Required action
Dropping every picture, set down exactly the lines in the entries below, starting with the line with "3セットアップで、キレイめだ" and going on through the line with "(江苏省优秀企业家名单截图)".

Stored items

- - -

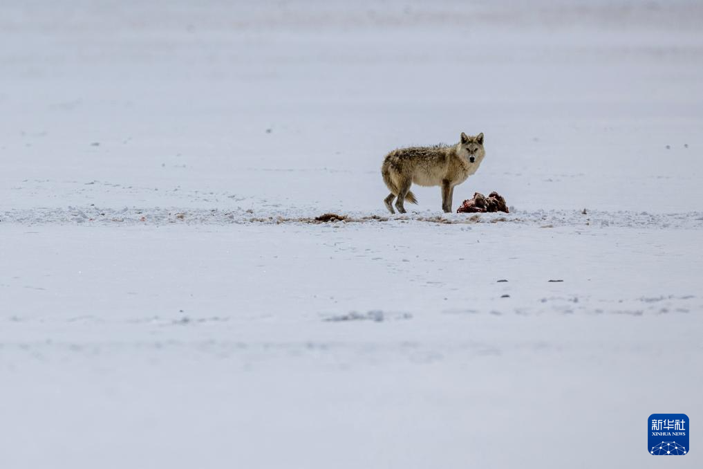 在西藏那曲市尼瑪縣境內的羌塘國家級自然保護區(qū)核心區(qū),一只狼在進食(5月9日攝)。新華社記者 姜帆 攝 ??
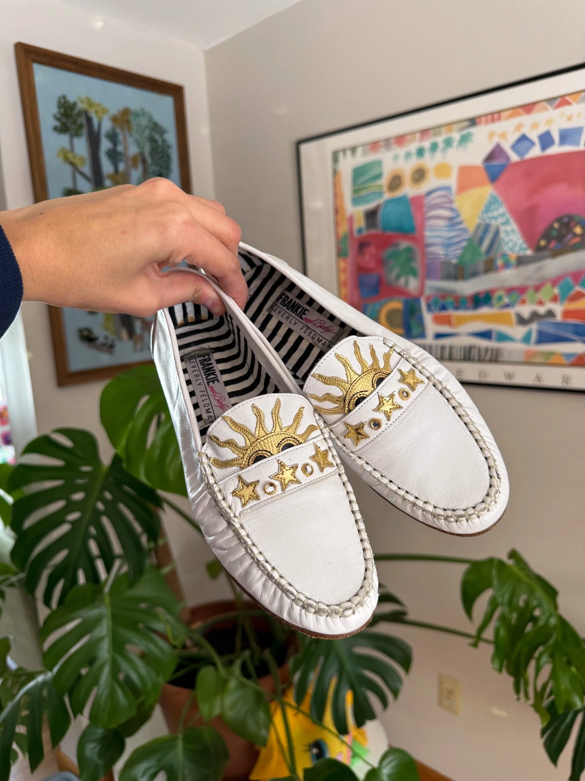 Shop › RARE Vtg Celestial Flats Image 1 of 4 Image 2 of 4 Image 3 of 4 Image 4 of 4 RARE Vtg Celestial Flats $40.00 sold out size 6.5the most beautiful shoes I’ve ever seen!!! Sold Out Added! size 6.5the most beautiful shoes I’ve ever seen!!!
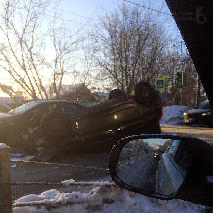 Вероятно, подпрыгнул на открытом люке.На Большой Серпуховской, около посёлка Железнодорожный, перевернулся автомобиль. В строну Подольска собирается пробка
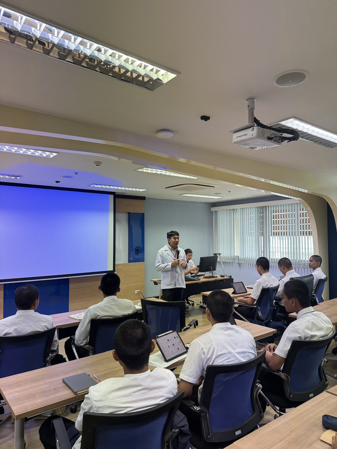 📅 เมื่อวันที่ 9 และ 25 ธันวาคม 2568 โรงพยาบาลสมเด็จพระบรมราชเทวี ณ ศรีราชา นำโดย นพ.ขจรยุทธ บางท่าไม้ ได้จัดโครงการแลกเปลี่ยนเรียนรู้และบรรยายให้ความรู้ ด้านสุขภาพสำหรับคนประจำเรือ โดยทีมแพทย์ประจำบ้าน สาขาเวชศาสตร์ป้องกัน แขนงอาชีวเวชศาสตร์ เพื่อเสริมสร้างความเข้าใจเรื่องการดูแลสุขภาพที่เหมาะสมกับลักษณะงานบนเรือให้แก่นิสิตสาขาวิทยาการเดินเรือ
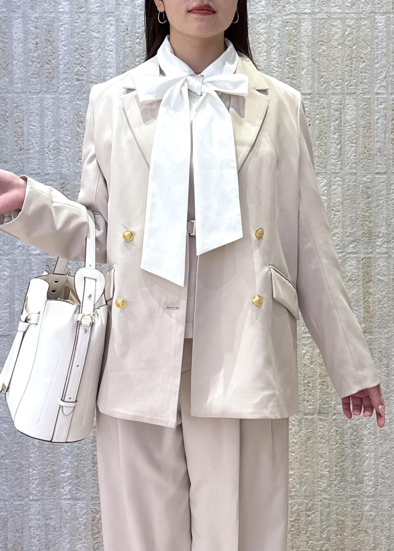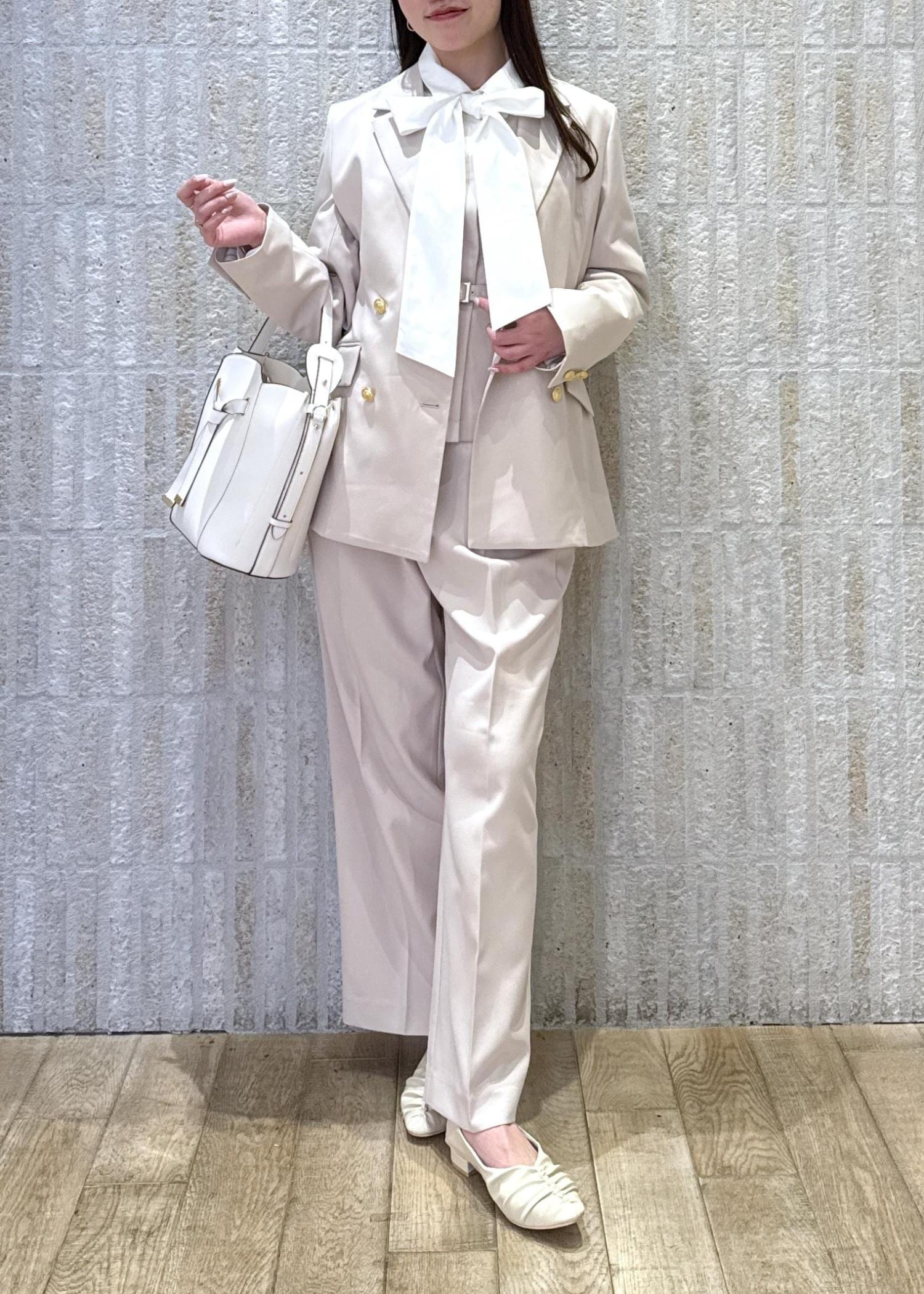 3セットアップで、キレイめだけど華やかに女性らしいベージュのワントーンコーデにしました◎
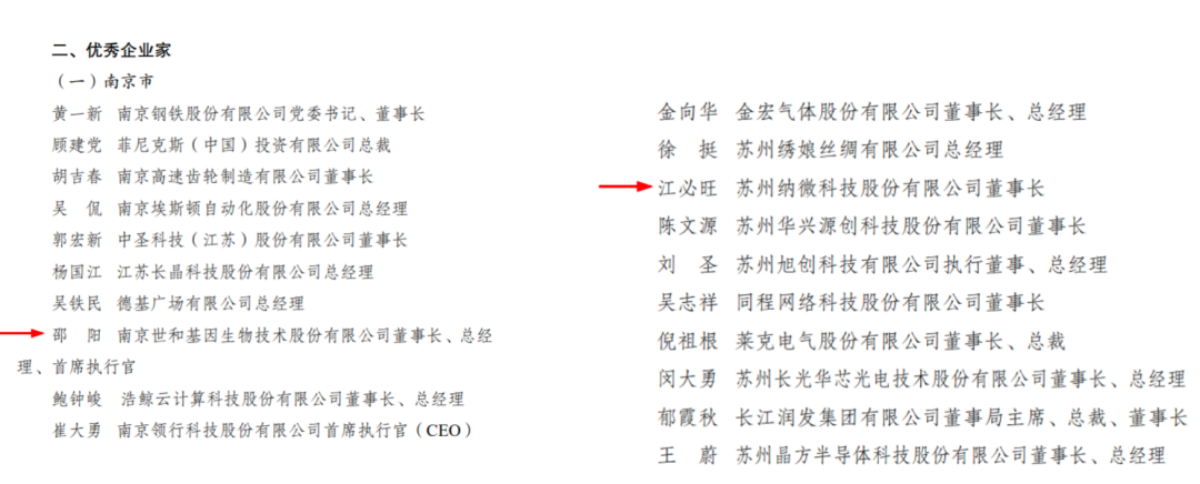 (江苏省优秀企业家名单截图)
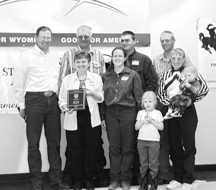 Sublette Examiner Volume 3, Number 13 - June 26, 2003 brought to you online by Pinedale Online by Cat Urbigkit About 130 people drove from all corners of the state Wednesday to converge on Pinedale to celebrate a family's history of environmental stewardship. The Wyoming Stock Growers Association tapped the Joel and Susan Bousman family as the 2003 Environmental Stewards for their East Fork Livestock operation in the Boulder area of southern Sublette County. Joel Bousman is a leader in the agricultural industry, serving on various boards, testifying before our nation's Congress when needed and taking the initiative to help create a voluntary permittee-monitoring program for the Silver Creek Common Allotment. The voluntary permittee monitoring on Forest Service allotments helps the permittees identify and solve ecological concerns on the allotments, document their stewardship for their official allotment file, and allows the use of sound science to benefit the range, according to Sublette County Extension Agent Eric Peterson. Results of the monitoring effort have been significant, according to Joel Bousman. Cattle distribution has improved, the cattle have increased in performance (including health, weight and condition), and the association has been granted an extension of two weeks on the cattle grazing season on their national forest allotment, which rings in with about a $5,000 savings to the permittees. "We have been able to document our stewardship," Bousman said, in addition to building trust and communication among all parties, as well as public and agency education and permittee education. Wednesday's celebration included a half-day of presentations about the family and its ranch operation, and then participants loaded into buses to tour the ranch before returning to Pinedale for a fabulous meal and awards presentation. The Bousman family history goes back six generations in Sublette County, beginning with Knute Jomen's settlement of the East Fork River country in the late 1880s. The family began its cattle outfit then, and it's a thriving business enterprise today. East Fork Livestock is a Hereford-based cattle outfit, running both cows and calves and yearlings. Heifers begin calving in late March on private ranch lands, followed by the mother cows in mid-April. Joel and Susan Bousman's son Jim described the cycle encountered throughout the year in the cattle ranching operation. After calving, community brandings occur in May, with the assistance of neighbors being an important component in the operation. The cattle head to desert allotments administered by the Bureau of Land Management in first week in May, for a 45-day grazing season, then move onto mountain allotments on the Bridger-Teton National Forest. This gives the hay meadows on the private ranchlands along the East Fork River a seasonal rest from grazing pressure. "They (the cattle) need to stay off it all summer so we can grow some hay," Jim said, adding that the key factor in making that happen is good management on the national forest allotment. "The key to good management is through good distribution," Bousman said, noting that spreading the cattle out on the allotment allows these grazers to utilize the resource in an efficient manner. Three or four range riders are hired to move the cattle and keep them spread out in this 38,000-acre allotment of rough mountain country, most of which falls within designated wilderness area. Home ranches must produce hay in order to get the cattle through those snowy Sublette County winters. This forage production is entirely dependent upon irrigation water. "If we don't have irrigation water, we're in trouble," Bousman said, adding that water is the lifeblood of the operation. Flood irrigation via a diversion from the East Fork River allows the ranch meadows to be irrigated from about June 10 to July 10, when the river level drops too low to divert an adequate amount of water. "We don't have any storage on the East Fork River," Bousman explained. The use of flood irrigation (rather than sprinklers or pipe systems) is an efficient system for the ranch ecosystem, Bousman said. Early flows provide for raising the water table, ensuring moisture for later in the season. "If you can't get the sub up, you can't grow any hay," Bousman said. This serves as a type of underground water storage, bringing the water table to the surface, which then serves to recharge the river throughout the year, providing for the maintenance of the fishery. Haying begins July 20 and generally lasts through to end of August. It's a family undertaking, with even the kids getting involved, as well as an Amish family that arrives from Pennsylvania to help in the harvest. When the temperatures in the high country begin to get a little nippy and storm clouds hover, the cows begin their drift south to home ranges, generally in mid-September. The Bousman cattle are mixed with those belonging to other cattle outfits in the association, so they must be sorted and herded to their home meadows. Once again the neighbors are an important factor in getting the job done. Fall grazing occurs on the ranch's private pastures with some state leases being used as well. Yearlings are shipped in the fall, and busy days are spent preg-testing, weaning, vaccinating and culling. Things settle down as winter begins, with daily feeding of hay beginning in December, but sometimes as early as Thanksgiving. The cattle are put on full feed from the back of a wagon through calving, when the cycle begins anew. Joel Bousman said he knows of no stronger incentive to take care of the land than to know that your family's future depends on it: "God bless Wyoming and keep it wild." Photo credits: Cat Urbigkit See The Archives for past articles. Copyright © 2002, 2003 Sublette Examiner All rights reserved. Reproduction by any means must have permission of the Publisher. Sublette Examiner, PO Box 1539, Pinedale, WY 82941 Phone 307-367-3203 examiner
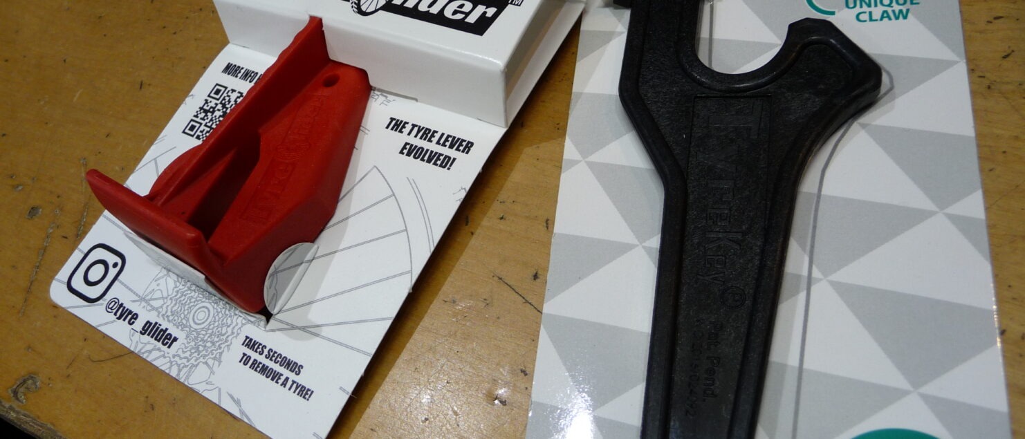 タイヤが硬くてはめづらかったり、空気を入れる時にチューブをかんでて気がついたらパーンってチューブをダメにしてしまったことはありませんか?タイヤキーは失敗しないタイヤ交換ツールです。
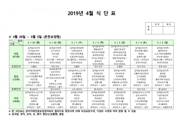 4월 다섯째주 식단표 페이지 정보 작성자 은천노인복지회 작성일19-05-07 14:13 조회196,659회 댓글0건 관련링크 이전글 다음글 목록 답변 본문 4월 다섯째주 식단표 이전글 다음글 목록 답변
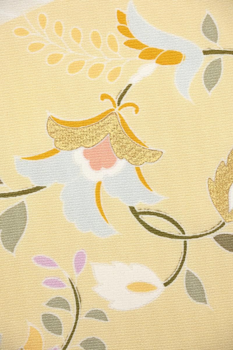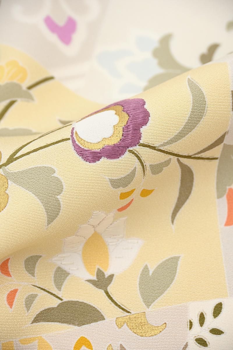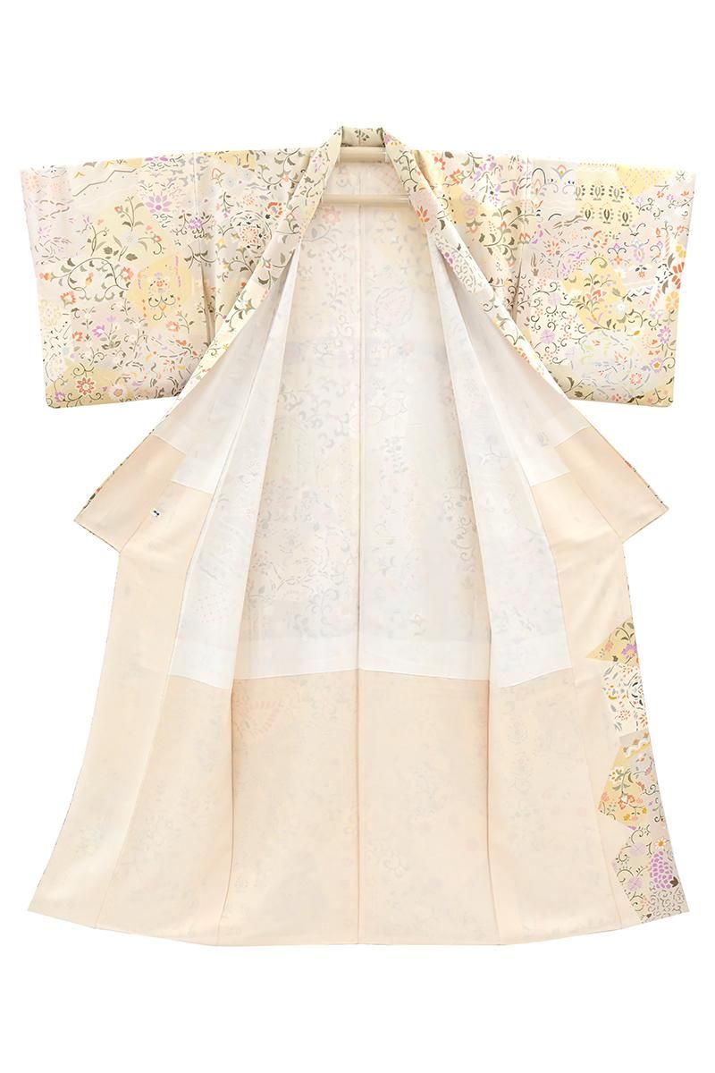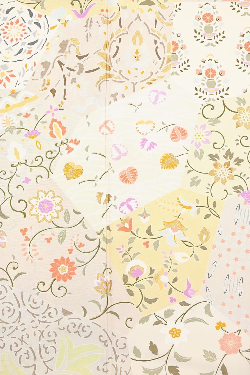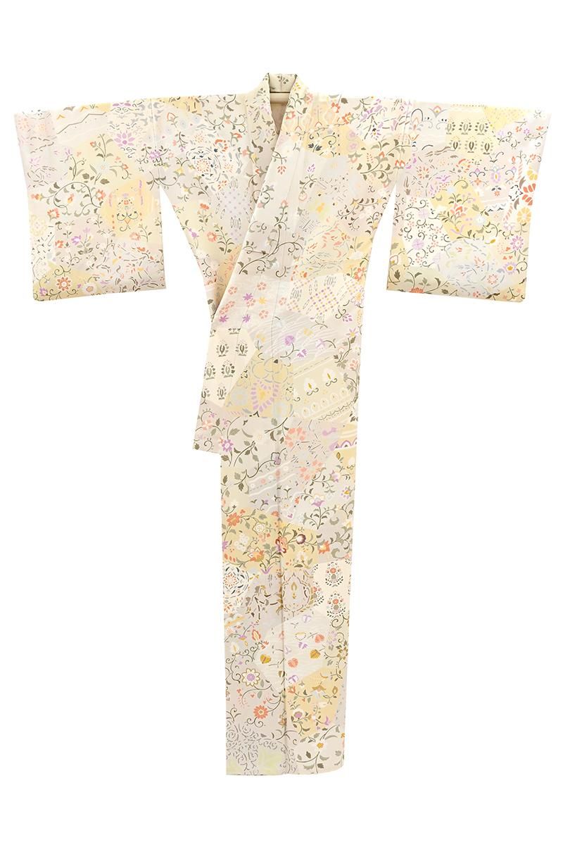 淡い亜麻色、麹色に灰白色、白練色など柔らかなグレージュ系の様々なお色目で氷割れのような不規則な形に場を分け、それぞれに花唐草や笹蔓、更紗花など様々なモチーフを散りばめた着物です。小紋かと思わせるような細やかな総柄ですが、複雑な構成は全て繋がっており、また一部には精緻な刺繍も施されたお品。背景の優しい彩りに綺麗に映える若紫色、朱華色などの優しい華のある彩りに金彩を添えた景色は、統一感のある美しいトーンがとても印象的ですね。柔らかものの着物ならではの心弾む華やぎを、様々な場面で楽しんでいただけそうです。上品で軽やかな社交着は、ちょっとしたお出かけからパーティ、少し改まったお席まで、現代の着物シーンでは活躍の機会が多いことと思います。ほんのりとした甘さのある明るい表情のお品、ぜひお手に取ってご覧くださいませ。
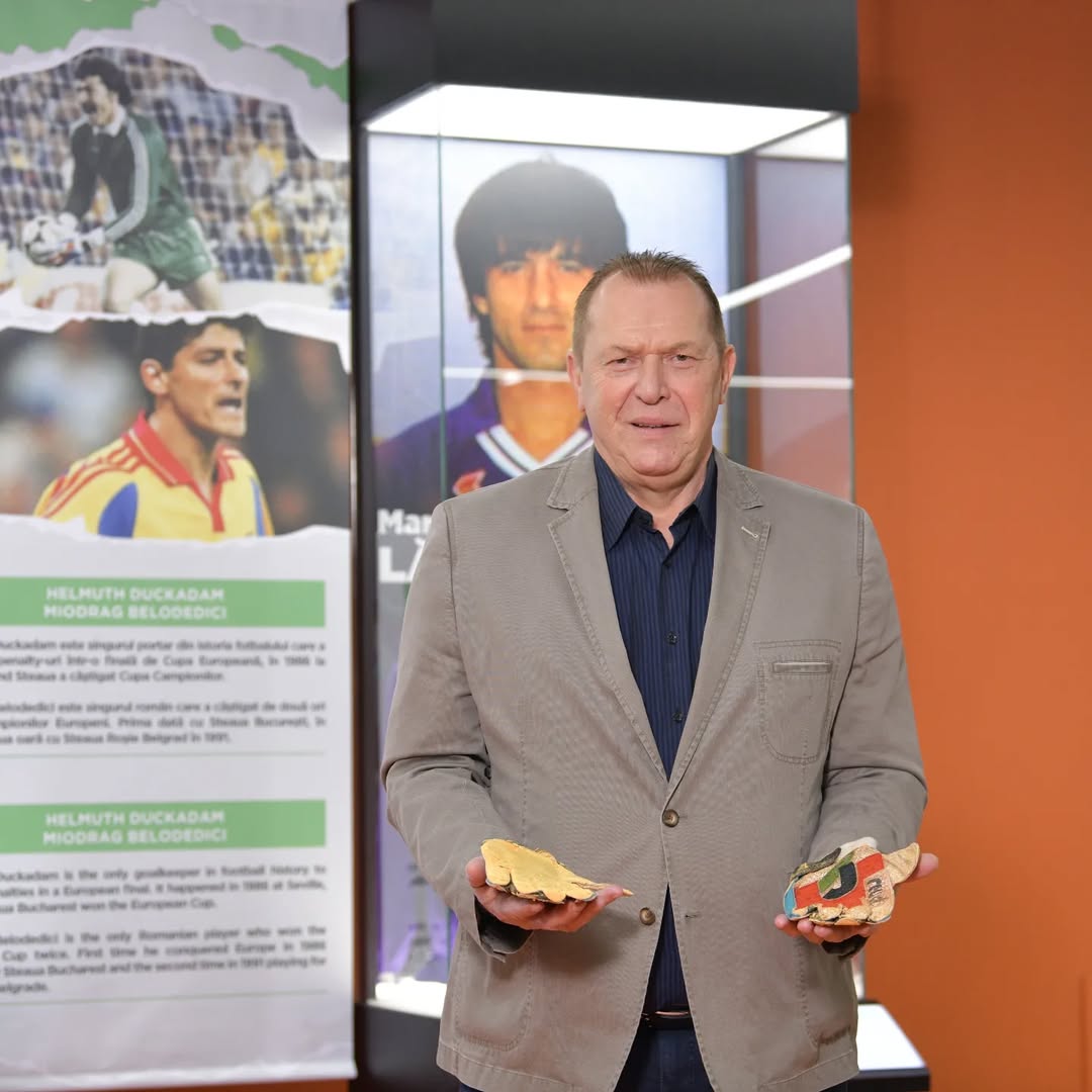 Helmut Duckadam, ținând mânușile sale de portar la Muzeul Sportului

- - -

Response
 3セットアップで、キレイめだけど華やかに女性らしいベージュのワントーンコーデにしました◎
 (江苏省优秀企业家名单截图)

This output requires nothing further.